Foods to Avoid and to Include in Your Diet If You Have Arthritis


Arthritis is a chronic inflammatory disorder that can affect one joint or multiple joints. There are 100 types of arthritis with different causes and treatments. The most common types are osteoarthritis that develops due to joint overuse and rheumatoid arthritis (RA), an autoimmune disease in which your immune system attacks healthy cells in your body by mistake. RA is commonly seen in adults over 65 years of age, but can also develop in children, teens and younger adults.

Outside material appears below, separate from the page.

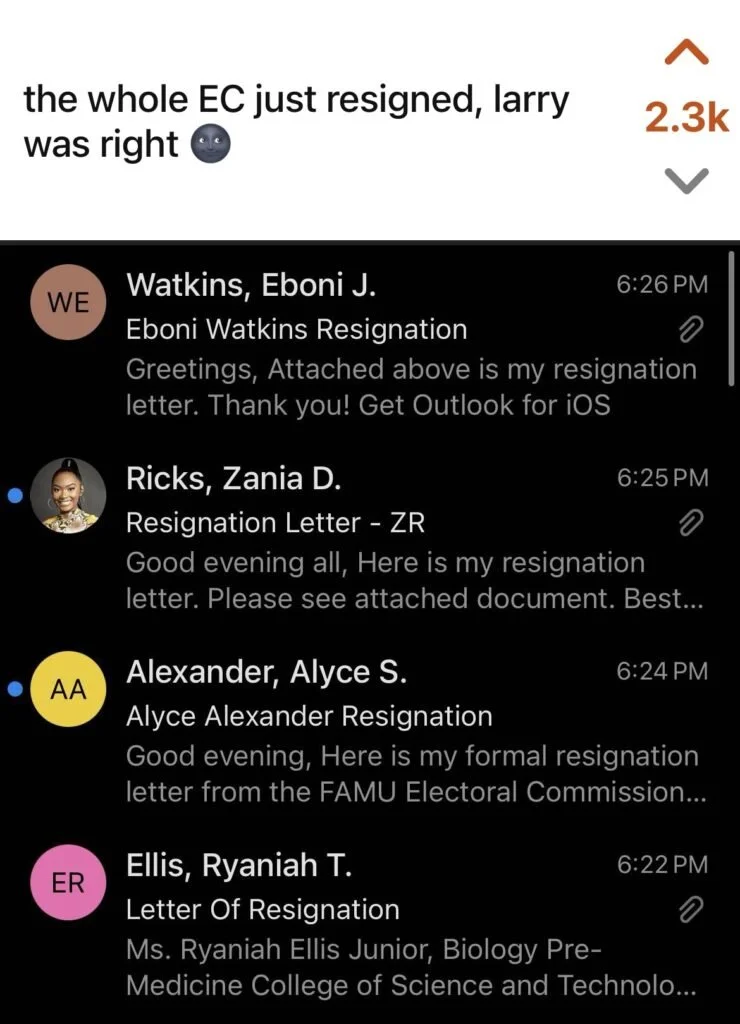 Ryaniah Ellis, one of the EC members who submitted their resignation, went live alongside the 2017 Queen of Orange and Green Jakela London and the 2017 Elections and Appointments Chair Doney Eden, to speak on why they all resigned Thursday night.

It has been found that diet can impact the severity of arthritis symptoms. There is no diet cure for arthritis, but having a wide range of healthy foods can fight inflammation, improve the immune system, and strengthen the bones. Likewise, when you have arthritis, your body is in an inflammatory state and eating certain foods can increase inflammation and also lead to other chronic conditions like heart disease, diabetes, and obesity. Avoiding such foods can ease the symptoms of arthritis by easing the inflammation in your body. Here are the foods to include and avoid if you have arthritis:

Foods to Include:

  • Oily fish and other Omega-3 rich foods: Oily fish contains plenty of healthful omega-3 fatty acids – polyunsaturated fats that have anti-inflammatory properties. People with osteoarthritis should include at least one portion of sardines, mackerel, salmon, and fresh tuna in their diet per week. People who don’t eat fish can include omega-3 rich items like walnuts, chia seeds, and flaxseed oil in their diet.
  • Cherries: It has been found that cherries can reduce the frequency of gout attacks. Cherries contain an ingredient called anthocyanins that have an anti-inflammatory effect. It is also found in blueberries, strawberries, raspberries, and blackberries.
  • Broccoli: This green vegetable contains a compound called sulforaphane. Researchers believe that it could slow down the progression of osteoarthritis. Broccoli is also rich in calcium and Vitamin K and C.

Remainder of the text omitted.